2. **_CocoDataset_**: is used to actually load the images based on a caption-index (as PIL files), transforms the images and sends an image together with the corresponding-caption to the DataLoader. 

In [24]:
from torchvision import transforms
from PIL import Image
from tqdm import tqdm
import numpy as np
import random 


class LoadData(object):
    
    
    def __init__(self, data_object, args):
        
        # Load training and test data
        self.train_img_names = data_object.train_img_names
        self.test_img_names = data_object.test_img_names
        
        self.train_cap_tokens = data_object.train_cap_tokens
        self.test_cap_tokens = data_object.test_cap_tokens
        
        self.train_caps_len = data_object.train_caps_len
        self.test_caps_len = data_object.test_caps_len
        
        self.train_indices = data_object.train_indices
        self.test_indices = data_object.test_indices
        
        self.args = args
        self.num_workers = 0
        self.transform = transforms.Compose([ 
                transforms.Resize(256),                          # smaller edge of image resized to 256
                transforms.RandomCrop(224),                      # get 224x224 crop from random location
                transforms.RandomHorizontalFlip(),               # horizontally flip image with probability=0.5
                transforms.ToTensor(),                           # convert the PIL Image to a tensor
                transforms.Normalize((0.485, 0.456, 0.406),      # normalize image for pre-trained model
                                     (0.229, 0.224, 0.225))])
        
    
    def CreateDataloader(self, mode):
        
        if mode == 'train':
            
            batch_size = args.batch_size
            indices = LoadData.Get_Random_Train_Indices(self, batch_size, mode)
            img_folder = args.data_path + 'train2014/'
            indices, img_names, cap_tokens, caps_len, cap_references = LoadData.Get_Data(self, indices, mode)
              
                
        elif mode == 'test':
            
            batch_size = 1
            indices = LoadData.Get_Train_Indices(self, batch_size, mode)
            img_folder = args.data_path + 'val2014/'
            indices, img_names, cap_tokens, caps_len, cap_references = LoadData.Get_Data(self, indices, mode)
            
    
        # Create new dataset instance, which will be fed into the dataloader
        dataset = CoCoDataset(transform = self.transform,
                                mode = mode,
                                batch_size = batch_size,
                                img_path = img_folder,
                                img_names =  img_names,
                                cap_tokens = cap_tokens,
                                caps_len = caps_len,
                                cap_references = cap_references,
                                args = self.args)
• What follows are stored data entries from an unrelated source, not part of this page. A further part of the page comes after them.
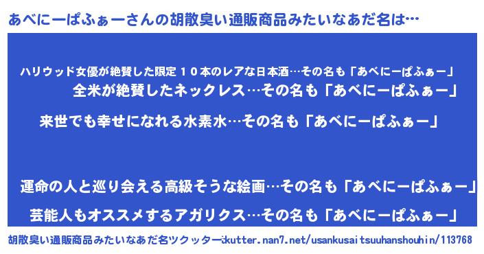| 意味不明あだ名 | 『永久保存あべにーぱふぁー』 |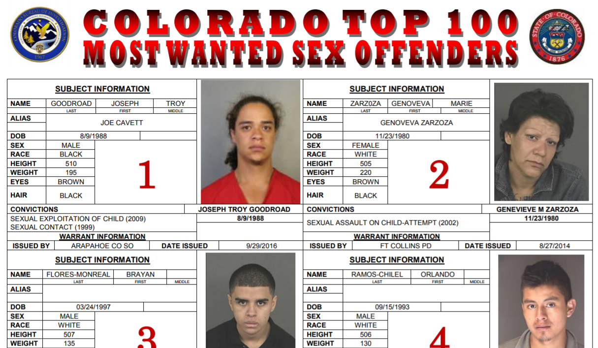 State law requires convicted sex offenders to register with local law enforcement on an annual basis or every time they move to a new address. Those convicted of “child sex crimes” are also required to provide all email addresses and chat-room identities. Much of their personal information then becomes available on the Colorado Bureau of Investigation‘s website; it also finds its way to for-profit operations peddling background checks, neighborhood watch groups and other sites.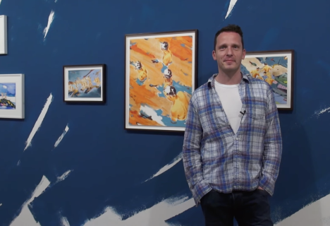 As of mid-June, the Galerie Templon’s latest exhibition of works by the artist, will travel to Le Confort moderne, a former industrial building turned into a trending place for the cultural life of Poitiers. In this new series, Bisky has chosen to swap the pastel blue of his skies for darker hues and the luminous smiles of his models for more serious expressions. His baroque scenes feature bronzed models who bring to mind the communist propaganda which marked the artist’s youth in GDR. Alongside them are the night birds, hipsters and outsiders who populate the streets of Berlin Friedrichshain every evening, drifting among the post-industrial facades that characterise the district, a favourite haunt of the city’s denizens of the night.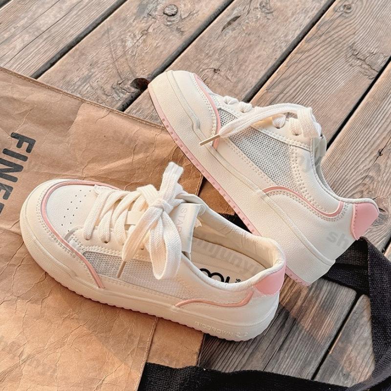 Women's White Board Shoes 2026 Summer Autumn Fashion Lace Up Student Platform Casual Shoes Breathable Comfortable Non Slip Flats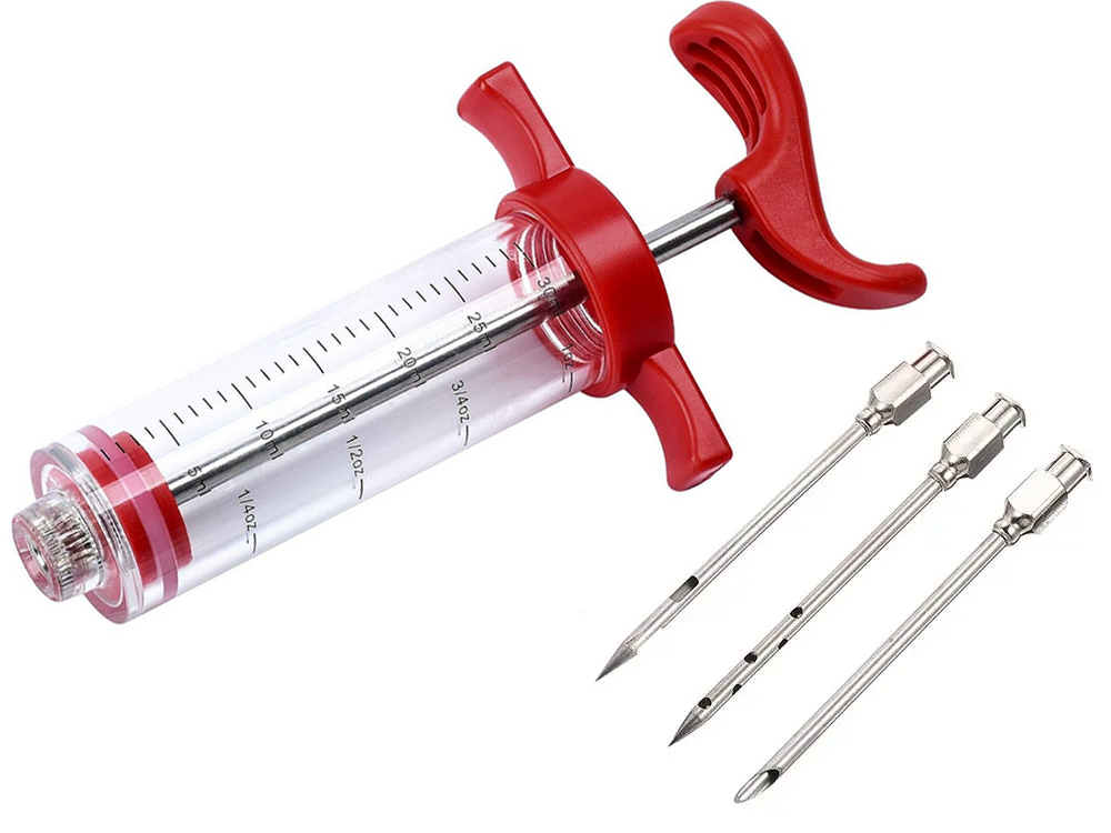 Gaļas injekcijas šļirce gaļas sālīšanai, 30 ml marinādēm. Šļirce gaļas injicēšanai un sālīšanai ir neaizstājams aksesuārs virtuvē ikvienam, kurš vēlas uzlabot savu ēdienu garšu. Tā ir ideāli piemērota gaļas sagatavošanai grilēšanai, mājputnu, liellopu, cūkgaļas vai tītara gaļas cepšanai. Ar šo ierīci jūs varat precīzi ievadīt marinādi, garšvielas vai sālījumu dziļi gaļā, nodrošinot vienmērīgu garšu un izcilu sulīgumu. - Izvēlieties pareizo adatu marinādes veidam un pievienojiet to šļircei. - Piepildiet šļirci ar marinādi, sālījumu vai garšvielām. - Ievadiet marinādi dziļi gaļā, vienmērīgi to sadalot visā gaļā. - Pēc lietošanas izjauciet šļirci, rūpīgi nomazgājiet visas daļas un ļaujiet nožūt. Ar injicēšanas un sālīšanas šļirci jūsu ēdieni iegūs jaunu garšas dimensiju. Ideāls instruments ikvienam pavāram - gan amatierim, gan profesionālim. Adatas iekļautas: - adata ar vienu lielu caurumu galā - paredzēta biezākām marinādēm un mērcēm ar piedevām, piemēram, garšaugiem vai smalki sagrieztām garšvielām. Precīza marināžu ievadīšana, neriskējot aizsērēt adatu. - Adata ar vairākiem sānu caurumiem - īpaši izstrādāta šķidro marināžu un sālījumu vienmērīgai sadalīšanai gaļā. Pateicoties caurumiem visā adatas garumā, marināde tiek ievadīta plašā laukumā, nodrošinot perfektu mērcēšanu. - Adata ar plānu galu - paredzēta maziem gaļas gabaliņiem, piemēram, vistas krūtiņai vai filejai. Precīza marinādes ievadīšana grūti sasniedzamās vietās, nebojājot gaļas struktūru. Tehniskās specifikācijas: - Materiāls: plastmasa, nerūsējošais tērauds - · Kopējais garums ar adatu: - Tilpums: - Graduācija ml, unces Pieejamās krāsas: Tā kā preces ir iepakotas nejauši no ražotāja puses, tās tiek piegādātas dažādās krāsās. Krāsu izvēle nav iespējama. - Sarkans - Melns Komplektā ietilpst: - Gaļas šļirce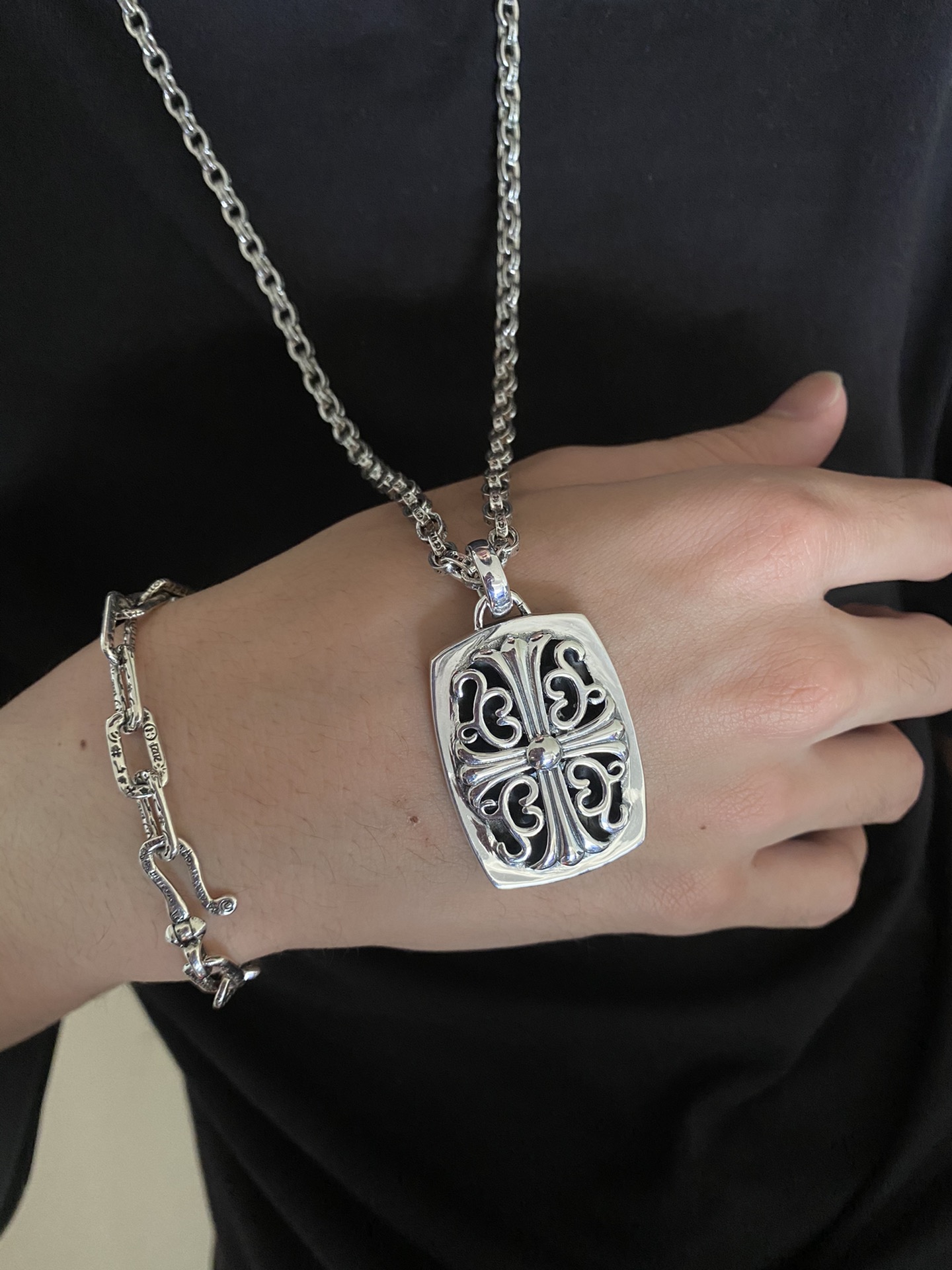 {"product":{ "goodsID":11058370, "skuid":2823051, "relatedCode":"", "cat": 1656, "brand": 448, "goodsIsShow":1, "price":69.00, "skuImage":"https://xcimg.szwego.com/20220411/i1649656771_5730_0.jpg?imageMogr2/auto-orient/thumbnail/!650x650r/quality/100/format/jpg", "skuImage_small":"https://xcimg.szwego.com/20220411/i1649656771_5730_0.jpg?imageMogr2/auto-orient/thumbnail/!440x440r/quality/100/format/jpg", "skuIsShow": 1, "Limited": 0, "LimitedMin": 0, "skuStore": 999, "skuSellCounter":0, "skuReviewCounter":0, "cateAttention":"", "cateAttentionUrl":"", "cateAttentionContent":"", "goodsName":"Chrome Hearts", "goodsBrand":"Chrome Hearts", "category":"Necklaces", "sizeChartID":"0", "promotion":false, "option_image_text_hide":false, "declaration":"Necklaces" },"time":1776597402467}

        initial_sampler = data.sampler.SubsetRandomSampler(indices=indices)
        
        data_loader = data.DataLoader(dataset = dataset, 
                                      num_workers = self.num_workers,
                                      batch_sampler=data.sampler.BatchSampler(sampler=initial_sampler,
                                                                              batch_size=dataset.batch_size,
                                                                              drop_last=False))
        
        return data_loader
            
    
    # It is way faster to get random indices and only pass a subset of the data to the dataset instance.
    @staticmethod    
    def Get_Random_Train_Indices(self, batch_size, mode):
        
        if mode == 'train':
            all_indices = random.sample(range(len(self.train_cap_tokens)), batch_size)
        
        else:
            all_indices = random.sample(range(len(self.test_cap_tokens)), batch_size)
            
        return all_indices
    
    
    # Just for test purposes
    @staticmethod
    def Get_Data(self, indices, mode):
        
        sub_img_names = []
        sub_cap_tokens = []
        sub_caps_len = []
        sub_indices = []
        cap_references = []
        
        for i, index in enumerate(indices):
            
            try:
                if mode == 'train':

                    sub_img_names.append(self.train_indices.loc[index, 'Image Name'])
                    sub_cap_tokens.append(self.train_cap_tokens[index])
                    sub_caps_len.append(self.train_caps_len[index])

                    cap_references.append(self.train_indices.loc[index, 'Reference Captions'])

                else:

                    sub_img_names.append(self.test_indices.loc[index, 'Image Name'])
                    sub_cap_tokens.append(self.test_cap_tokens[index])
                    sub_caps_len.append(self.test_caps_len[index])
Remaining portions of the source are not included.